Odp: [KICHANIE] temat glowny
: śr paź 03, 2007 8:39 am
autor: limba
Kolezanka to oczywiscie bardzo dobry pomysl, w koncu to zwierzaki stadne.
Jesli antybiotyk nie pomaga a objawem jest "tylko" kichanie ja bym sprobowala inhalacji + kuracji wzmacniajacej preparatem Scanomune. (kapsulki do dostania u weta). Oczywiscie mozliwa jest alergia na "cos", ale zazwyczaj sa to alergie na sciolke.
>>TUTAJ TEMAT O SCANOMUNE>TUTAJ INHALACJE<<
Odp: [KICHANIE] temat glowny
: śr paź 03, 2007 9:31 am
autor: Psycholożka
Na pierwszej wizycie u weterynarza dostala zastrzyk antyalergiczny, ale nie bylo poprawy. A teraz kicha tak samo bez względu na to czy jest na trocinach Chipsi, papierze toaletowym czy chusteczkach higienicznych. W domu mamy 25 st. (a antybiotyk nie pomaga) czyli to raczej nie przeziębienie. Jutro chcemy sie wybrac do Rita-vet do dr. Koniecznego u niego jeszcze nie byliśmy może znajdzie sposób na to kichanie
Odp: [KICHANIE] temat glowny
: śr paź 03, 2007 10:07 am
autor: Layla
Na forum jest temat Weeterynarze - zobacz, jaki wet jest polecany w Twoim mieście.
Odp: [KICHANIE] temat glowny
: czw paź 04, 2007 8:23 am
autor: Psycholożka
Od wczoraj podaję Rubince Echinaceę i robię inhalacje z solą bocheńską. Dziś jeszcze popiskuje przy kichaniu, ale mam wrażenie, że męczy się mniej niż wczoraj rano. Będę stosować taką kurację do poniedziałku, jeśli objawy nie miną pójdziemy do lekarza. Dziękuję wszystkim za podpowiedzi! Napiszcie cożś proszę o zapaleniu płuc u szczurków, czym się objawia??
Odp: [KICHANIE] temat glowny
: czw paź 04, 2007 2:48 pm
autor: limba
Ja osobiscie srednio wierze w Ecinacee poniewaz u mnie nie dawala zadnych efektow. Co do zapalenia pluc to jest kilka tematow. Mam nadzieje ze szczuras byl osluchiwany? Przede wszystkim jest wyraznie przyspieszony oddech, odgloszy charczenia/ swiszczenia, przy wiekszych dusznosciach zwieszanie lepka w dol (chociaz duzo szczurkow lubi tak po prostuspac), lapanie oddechu pyszczkiem itd.
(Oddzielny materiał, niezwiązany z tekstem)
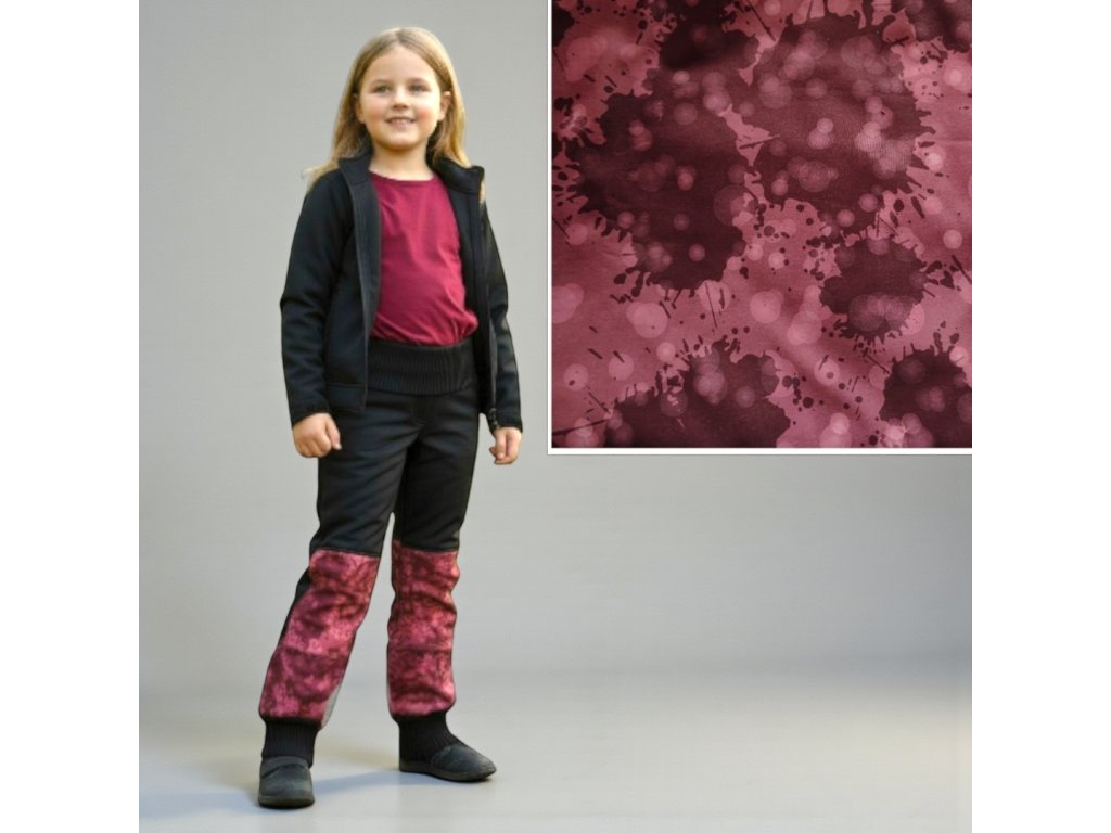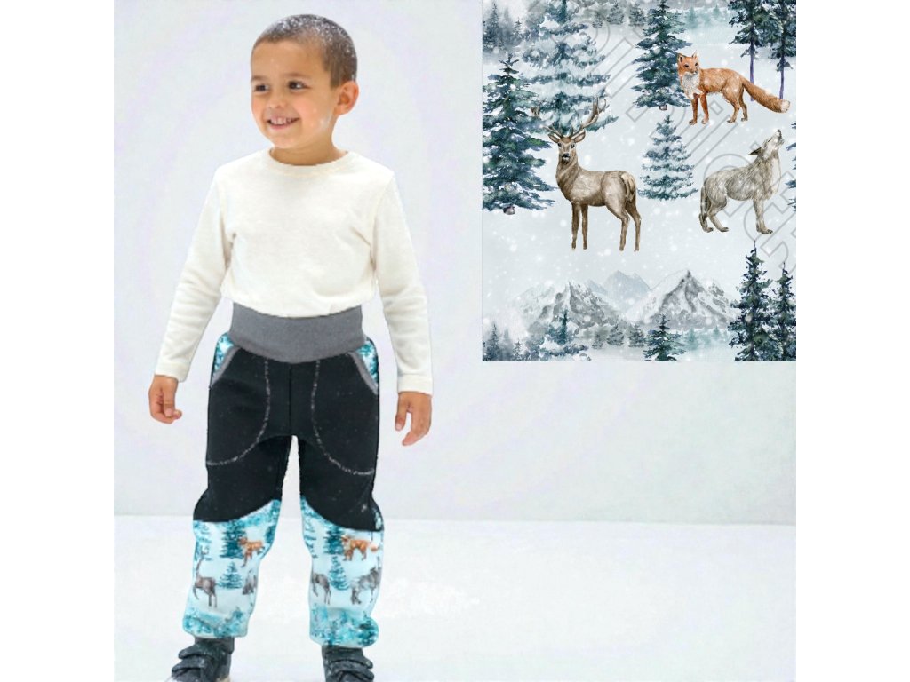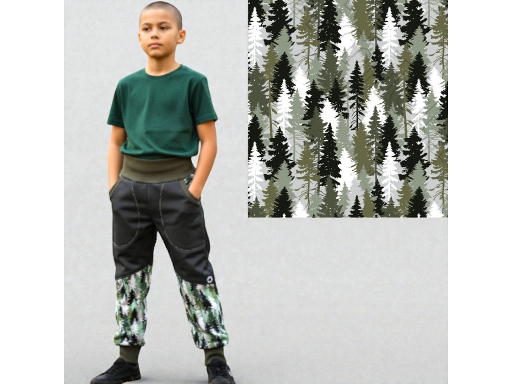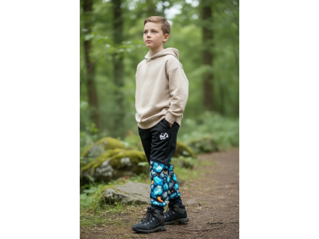 Kalhoty jsou ušité z potištěného i jednobarevného softshellu, z rubu jemný fleece. Kalhoty jsou klasické, dvě boční kapsy, v pase do vyššího pružného nápletu s otvorem pro případné navlečení gumy, nohavice též zakončené pružným nápletem (rostoucí). Reflexní prvky součástí.

Odp: [KICHANIE] temat glowny
: czw paź 04, 2007 6:17 pm
autor: Psycholożka
No i byliśmy u weta, bo dostała takiego napadu, że nie wiadomo było co robić. Osłuchał, płuca czyste. Zasugerował badanie u dr. Piaseckiego, żeby sprawdzić czy nie jest na coś chora (chlamydiozę chyba). Na razie będę podawać echinaceę zobaczymy jak zadziała u Rubinki wiem, że zdania są podzielone co do jej skuteczności. Będziemy też robić inhalacje i zobaczymy. Jak do poniedziałku nie będzie poprawy to chyba wybierzemy sie do Piaseckiego. Na co może jeszcze mieć alergię skoro kicha bez względu na rodzaj ściółki, w pokoju nie ma przeciagów ani silnych zapachów?
Odp: [KICHANIE] temat glowny
: pn paź 15, 2007 8:27 am
autor: Psycholożka
Byliśmy u dr. Piaseckiego i dostaliśmy scano. No i jest jej lepiej choć kichanie całkowicie nie zniknęło
Odp: [KICHANIE] temat glowny
: ndz paź 21, 2007 8:27 pm
autor: Pancerny
Wybaczcie, że zaśmiecam zapewne forum, ale mam problem. Moje maleństwo kichało sobie (na początku się tym nie przejmowałem) ale teraz jeszcze ogon jej się jakby łuszczył i przestraszyłem się nie na żarty. To moja pierwsza szczurzyca (szczurek w ogóle) i nie chciałbym jej stracić przez jakąś chorobę. Możecie pomóc rady udzielić?
Odp: [KICHANIE] temat glowny
: wt paź 30, 2007 5:17 pm
autor: Magamaga
Mam jedną szczurke i teraz biorę drugą (jedną z tych podrzuconych w autobusie w Gdyni). Od tymczasowej opiekunki szczurkow dowiedzialam się, że małe pokichują. Podobno porfirynki nie ma.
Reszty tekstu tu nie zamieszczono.